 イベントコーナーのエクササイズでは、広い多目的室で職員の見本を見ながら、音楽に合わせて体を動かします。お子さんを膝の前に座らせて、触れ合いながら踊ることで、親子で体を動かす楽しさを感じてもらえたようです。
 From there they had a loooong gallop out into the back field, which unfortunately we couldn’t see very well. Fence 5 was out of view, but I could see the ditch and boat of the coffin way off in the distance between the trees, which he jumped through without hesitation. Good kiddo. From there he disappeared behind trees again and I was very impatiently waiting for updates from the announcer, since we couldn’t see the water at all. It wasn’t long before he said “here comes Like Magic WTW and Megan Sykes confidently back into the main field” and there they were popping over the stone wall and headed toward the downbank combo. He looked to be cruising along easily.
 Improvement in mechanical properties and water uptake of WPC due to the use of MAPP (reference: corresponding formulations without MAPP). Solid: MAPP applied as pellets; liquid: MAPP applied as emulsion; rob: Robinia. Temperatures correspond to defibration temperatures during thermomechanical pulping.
§
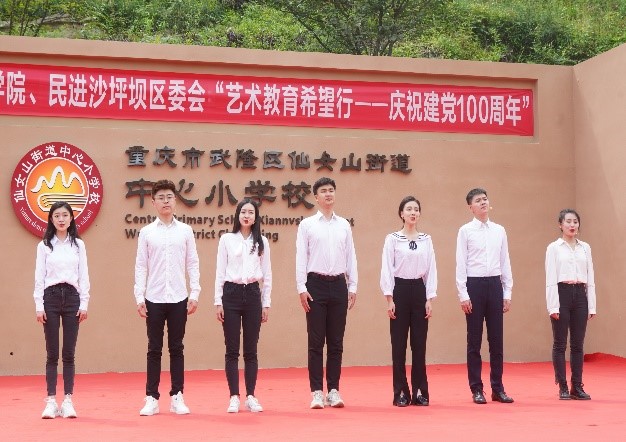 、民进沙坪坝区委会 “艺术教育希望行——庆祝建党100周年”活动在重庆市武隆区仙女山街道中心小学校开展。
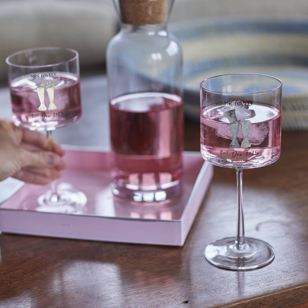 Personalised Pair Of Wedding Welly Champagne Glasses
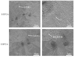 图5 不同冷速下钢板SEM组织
§
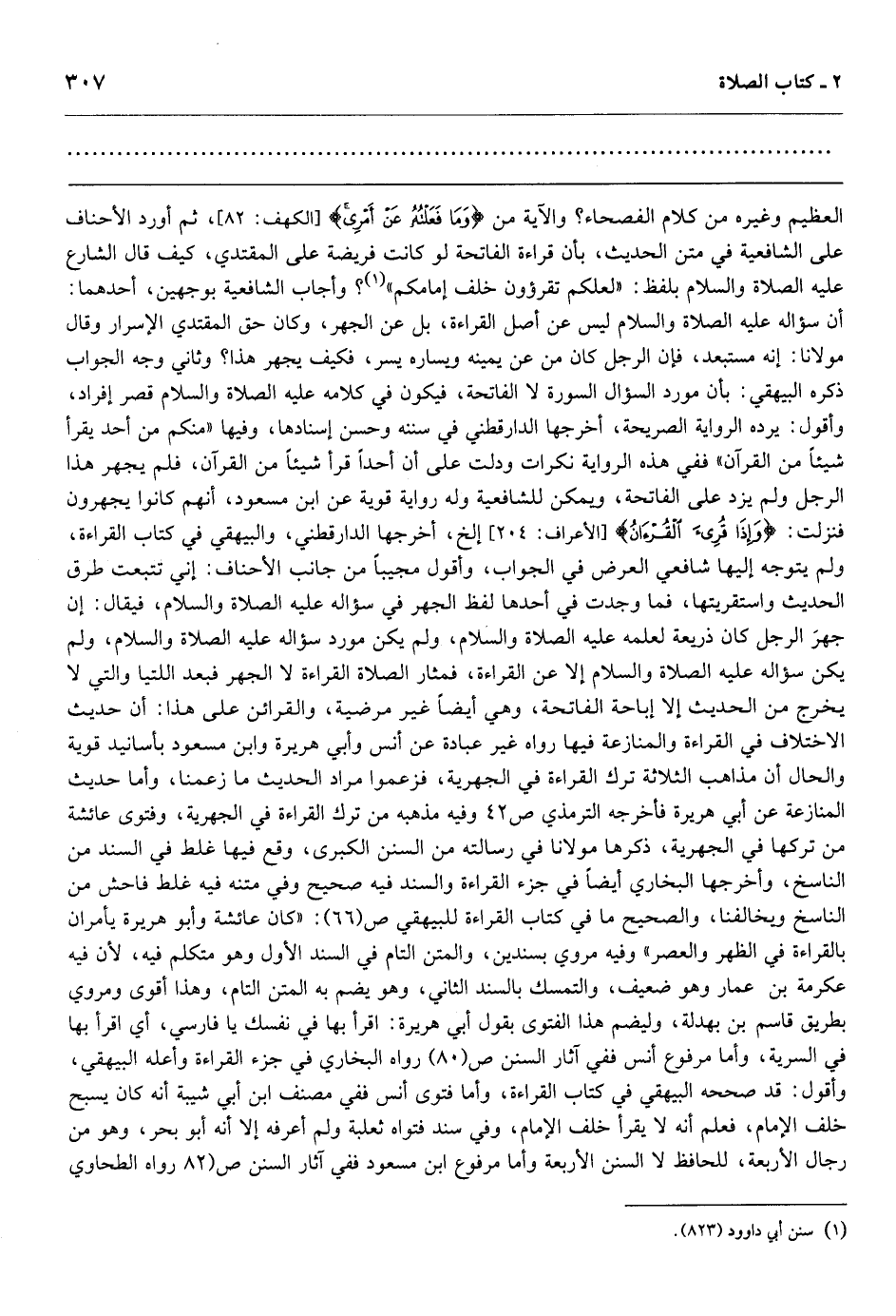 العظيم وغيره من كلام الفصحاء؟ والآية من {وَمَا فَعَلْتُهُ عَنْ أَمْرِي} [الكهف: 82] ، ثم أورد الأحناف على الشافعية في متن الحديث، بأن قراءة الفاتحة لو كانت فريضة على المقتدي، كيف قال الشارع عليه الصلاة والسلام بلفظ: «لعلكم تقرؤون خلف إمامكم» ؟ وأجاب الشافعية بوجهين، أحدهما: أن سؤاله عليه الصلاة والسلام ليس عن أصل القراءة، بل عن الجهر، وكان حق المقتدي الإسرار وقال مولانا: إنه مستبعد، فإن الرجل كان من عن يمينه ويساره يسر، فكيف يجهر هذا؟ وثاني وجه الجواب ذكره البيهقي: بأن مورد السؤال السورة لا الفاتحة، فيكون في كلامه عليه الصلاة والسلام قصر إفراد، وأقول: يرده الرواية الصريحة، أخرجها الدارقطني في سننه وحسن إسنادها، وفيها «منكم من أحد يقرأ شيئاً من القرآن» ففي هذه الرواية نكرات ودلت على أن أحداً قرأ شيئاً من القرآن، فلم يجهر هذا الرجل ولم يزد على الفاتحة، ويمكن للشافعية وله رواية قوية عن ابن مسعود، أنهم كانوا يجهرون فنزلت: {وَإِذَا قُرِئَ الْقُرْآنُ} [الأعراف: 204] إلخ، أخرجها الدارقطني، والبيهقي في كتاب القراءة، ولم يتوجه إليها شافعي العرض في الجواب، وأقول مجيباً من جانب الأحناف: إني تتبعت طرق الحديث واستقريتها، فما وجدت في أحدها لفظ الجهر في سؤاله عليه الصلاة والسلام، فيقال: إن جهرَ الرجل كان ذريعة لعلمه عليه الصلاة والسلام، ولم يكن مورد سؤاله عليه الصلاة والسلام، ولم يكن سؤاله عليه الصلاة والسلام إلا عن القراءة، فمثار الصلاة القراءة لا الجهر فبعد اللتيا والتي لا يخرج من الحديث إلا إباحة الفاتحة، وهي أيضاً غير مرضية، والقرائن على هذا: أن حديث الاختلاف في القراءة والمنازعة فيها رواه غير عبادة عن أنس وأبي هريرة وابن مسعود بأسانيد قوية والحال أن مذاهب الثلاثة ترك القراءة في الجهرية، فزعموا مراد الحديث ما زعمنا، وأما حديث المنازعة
§
EXERCISE -> Your answer should be the lines above, from the line containing "イベントコーナーのエクササイ" up to and including the line containing "Improvement in mechanical", reproduced exactly and with nothing else.

EXPECTED ANSWER ->
 イベントコーナーのエクササイズでは、広い多目的室で職員の見本を見ながら、音楽に合わせて体を動かします。お子さんを膝の前に座らせて、触れ合いながら踊ることで、親子で体を動かす楽しさを感じてもらえたようです。
 From there they had a loooong gallop out into the back field, which unfortunately we couldn’t see very well. Fence 5 was out of view, but I could see the ditch and boat of the coffin way off in the distance between the trees, which he jumped through without hesitation. Good kiddo. From there he disappeared behind trees again and I was very impatiently waiting for updates from the announcer, since we couldn’t see the water at all. It wasn’t long before he said “here comes Like Magic WTW and Megan Sykes confidently back into the main field” and there they were popping over the stone wall and headed toward the downbank combo. He looked to be cruising along easily.
 Improvement in mechanical properties and water uptake of WPC due to the use of MAPP (reference: corresponding formulations without MAPP). Solid: MAPP applied as pellets; liquid: MAPP applied as emulsion; rob: Robinia. Temperatures correspond to defibration temperatures during thermomechanical pulping.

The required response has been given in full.